#### What to work on
The required output is the exact run of lines in the listing below from the line holding "Để hiểu hơn" through the line holding "КИТАЙСКАЯ МОРФЕМА +", with no pictures.

# # # # # # #

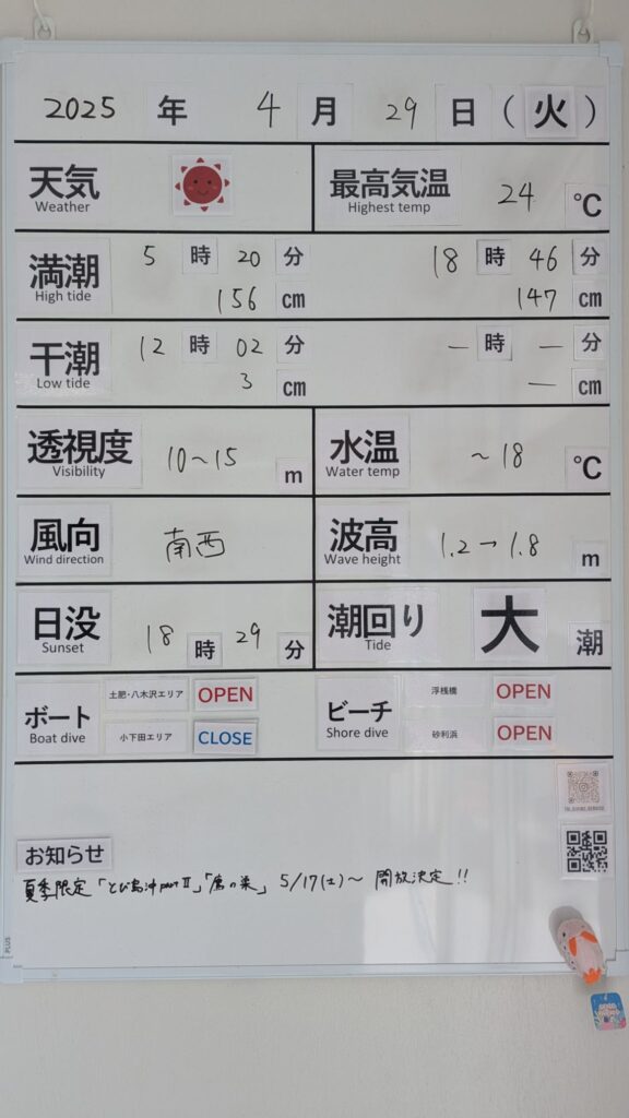 2025年4月29日 / 最終更新日 : 2025年4月29日 toids2021 海況情報 ビーチ&ボートともに【OPEN】です。 ビーチは非常に穏やか! 沖はうねりがあるため、ボートは八木沢エリアのみのOPENです。 南西風が強くなるため午前中のみとなりそうです。 ビーチにも揺れが入ってきそうですのでお早めに。 FacebookXCopy
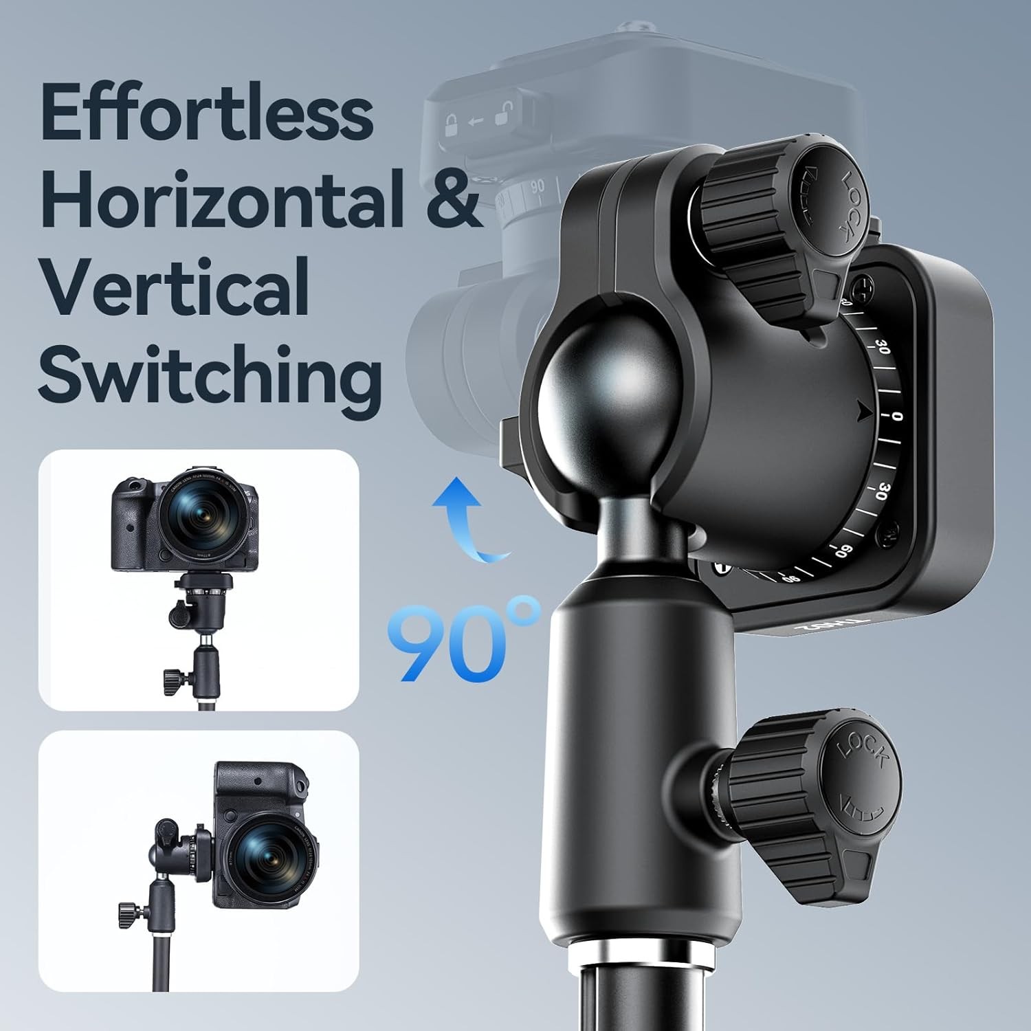 Díky obrácené konstrukci kulové hlavy umožňuje TH02 plynulou 360° panoramatickou rotaci a přesné polohování v různých úhlech. Vestavěná drážka ve tvaru písmene U umožňuje snadné přepínání mezi horizontální a vertikální (portrétní) orientací s plným nakloněním o 90°, což je ideální pro fotografování, videografii, živé vysílání a snímání z nadhlavní pozice.
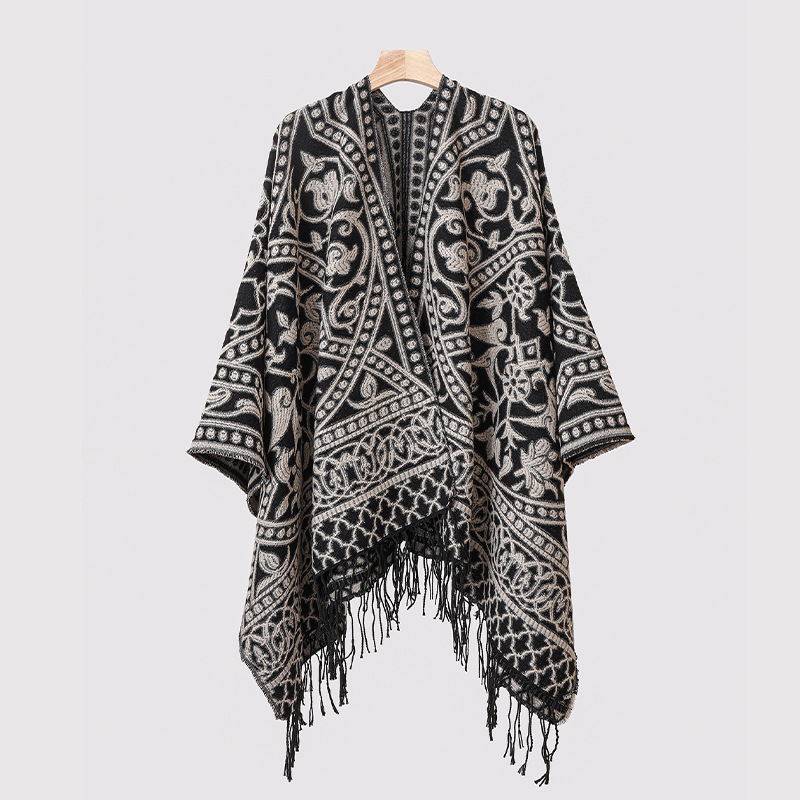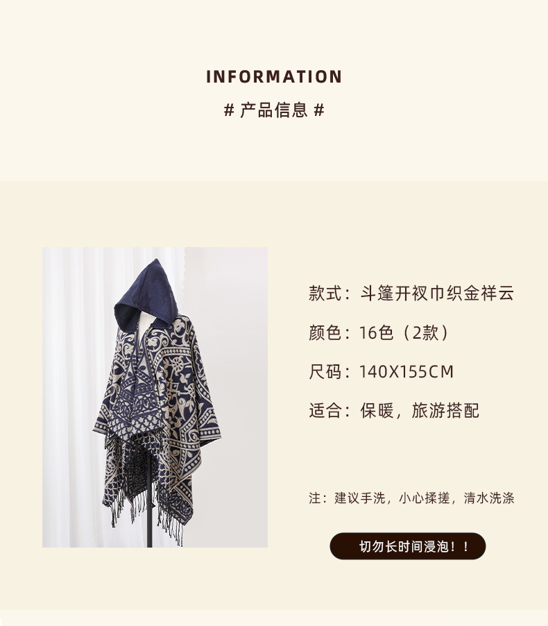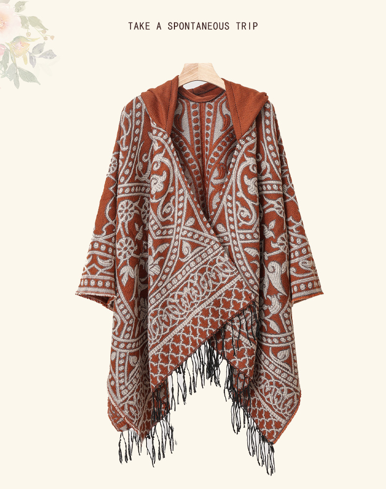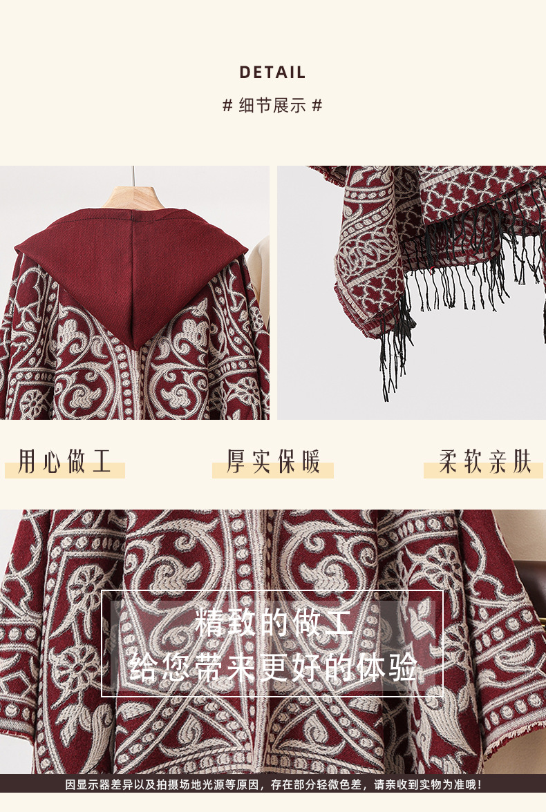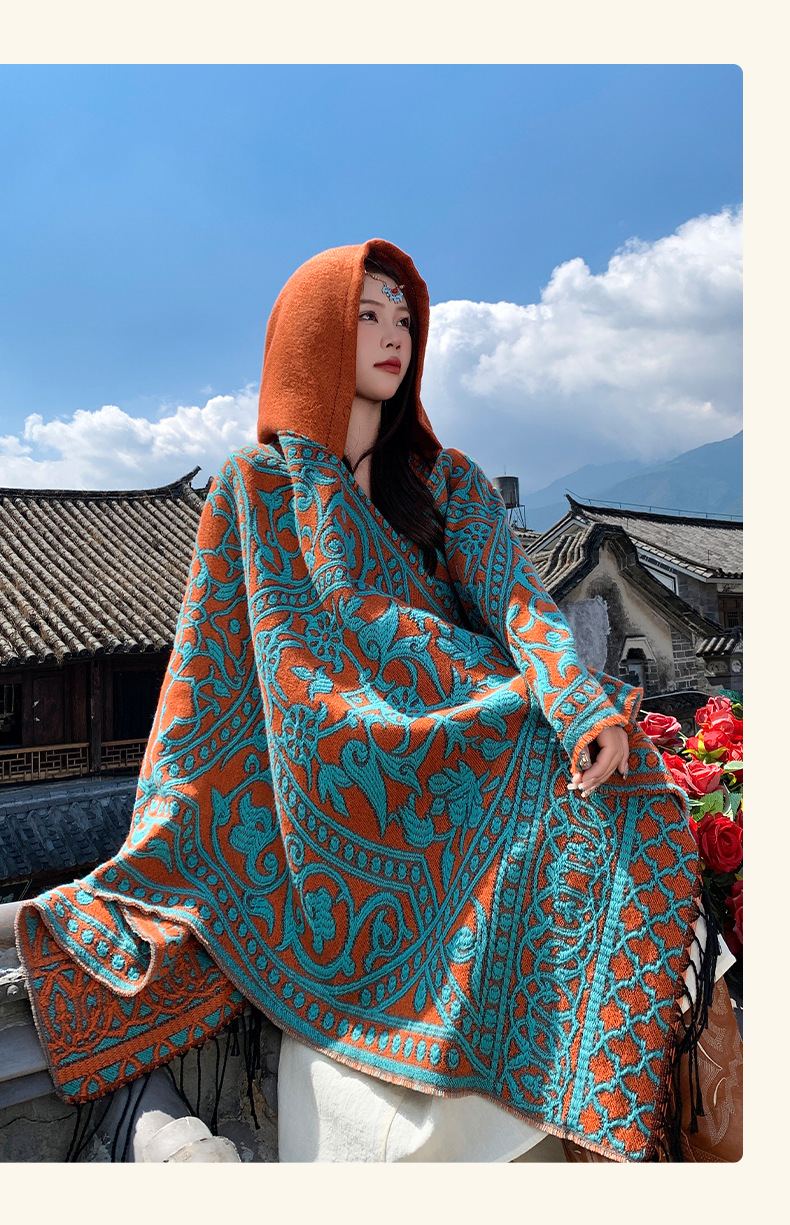 사진 촬영을 위한 에스닉 스타일 여행복, 모조 캐시미어 스카프, 가을 겨울 두꺼운 따뜻한 슬릿 스카프, 후드 망토스토어 가기
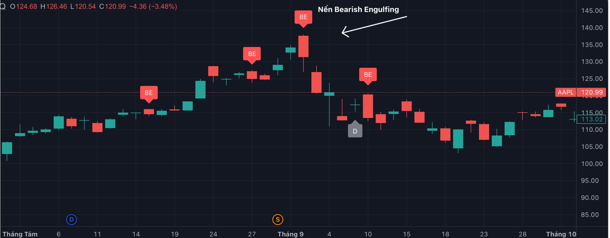 Để hiểu hơn về cách mô hình nến đảo chiều Bearish Engulfing này hoạt động, bạn có thể quan sát ví dụ sau trên biểu đồ cổ phiếu Apple (AAPL):
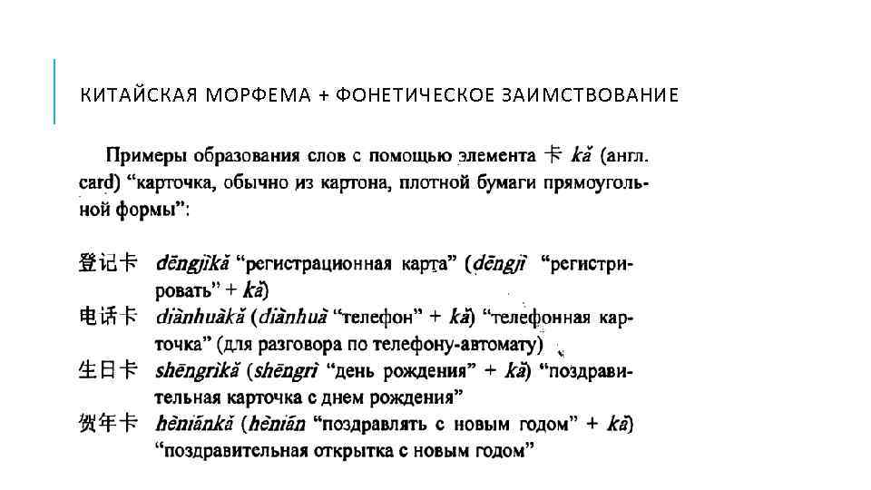 КИТАЙСКАЯ МОРФЕМА + ФОНЕТИЧЕСКОЕ ЗАИМСТВОВАНИЕ
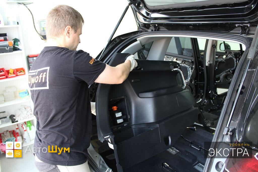 Обезжириваем поверхность и приступаем к монтажу второго слоя. Также для получения более эффективного результата используем компоновку из двух материалов На дно багажника клеим Шумофф Base 4. Этот слой позволит снизить нам шум от дороги.
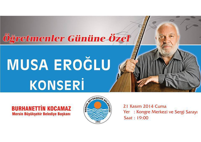 21 Kasım 2014 Cuma akşamı saat 19’da Mersin Büyükşehir Belediyesi Kongre ve Sergi Sarayı’nda gerçekleşecek olan ücretsiz Musa Eroğlu konserine, başta öğretmenlerimiz olmak üzere tüm Mersinli sanatseverleri davet eden Başkan Kocamaz, “24 Kasım Öğretmenler Günü’nden önce, geleceğimizin teminatı olan yavrularımızı emanet ettiğimiz değerli öğretmenlerimize küçük bir hediye olarak, yine Mersinli olan ve Devlet Sanatçısı ünvanını alan ünlü Türk halk müziği sanatçısı Musa Eroğlu’yu hemşehrileriyle buluşturuyoruz. İnşallah 21 Kasım 2014 Cuma akşamı hep birlikte, ünlü sanatçımızın seslendireceği türkülerle hem hüzünlenecek hem de coşacağız.” dedi.
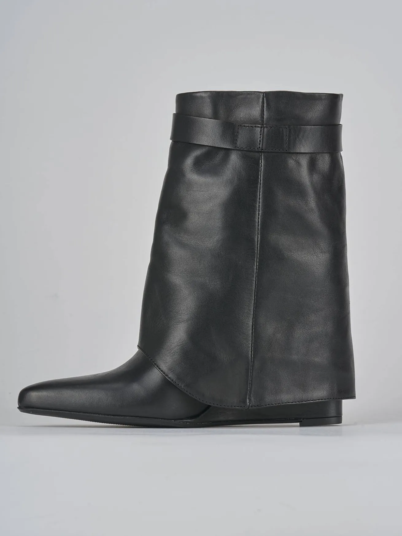 La punta sfilata e le cuciture a mano ne esaltano l’eleganza, mentre il risvolto e l’accessorio laterale donano un tocco di originalità.
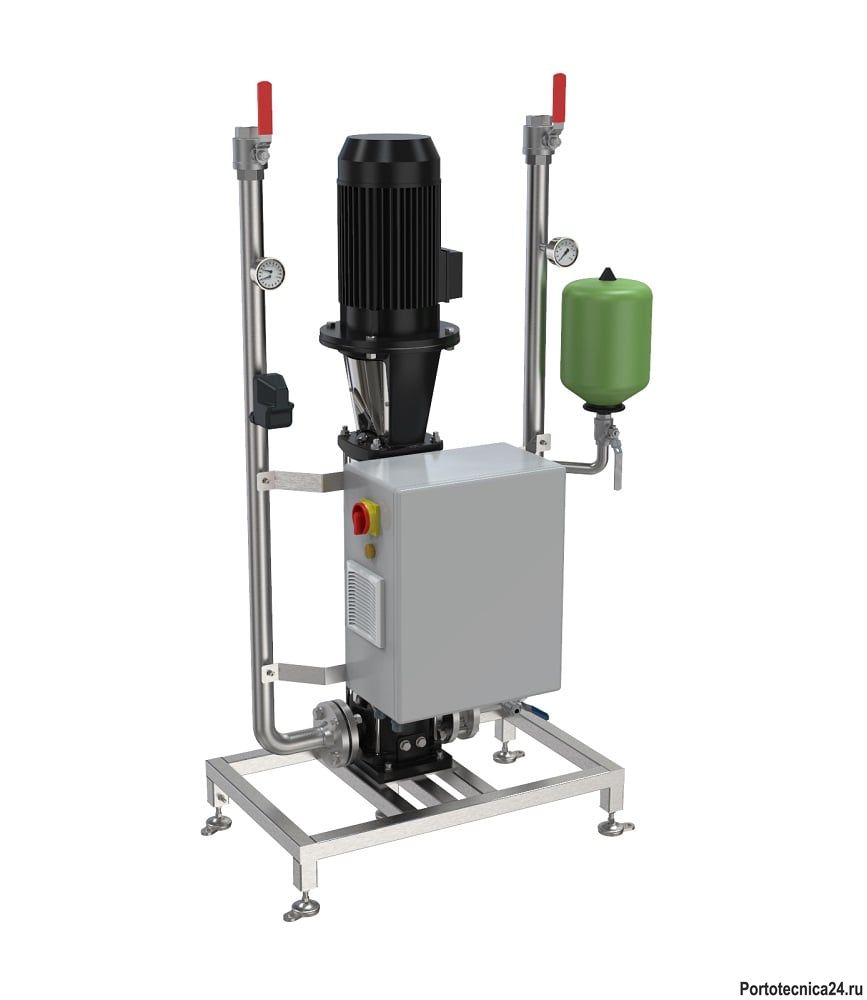 Используемый вертикальный насос повышения давления отличается коррозийной стойкостью, бесшумной работой, высокой эффективностью и компактной конструкцией. Комплект автоматики обеспечивает поддержание стабильного давления на всех потребителях – сателлитных станциях, независимо от того, какое их количество задействовано в моечно-дезинфицирующих работах в данную минуту. Датчик контроля входного потока - защита от сухого хода и Датчик контроля температуры, подадут сигнал на отключение насоса, в случае падения давления воды на входе ниже минимального и превышении максимально допустимой температуры, тем самым, они сберегут насос от серьезной поломки.
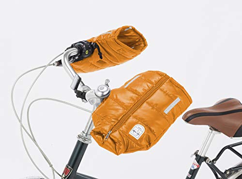 自転車用の防寒ハンドルカバー、ダウンジャケットタイプです。カラーは鮮やかな黄で、保温性が高く寒い季節の乗車を快適にサポートします。取り付け簡単で、手を暖かく保ちつつ安全な運転を実現します。

# # # # # # #

#### Written solution
 Để hiểu hơn về cách mô hình nến đảo chiều Bearish Engulfing này hoạt động, bạn có thể quan sát ví dụ sau trên biểu đồ cổ phiếu Apple (AAPL):
 КИТАЙСКАЯ МОРФЕМА + ФОНЕТИЧЕСКОЕ ЗАИМСТВОВАНИЕ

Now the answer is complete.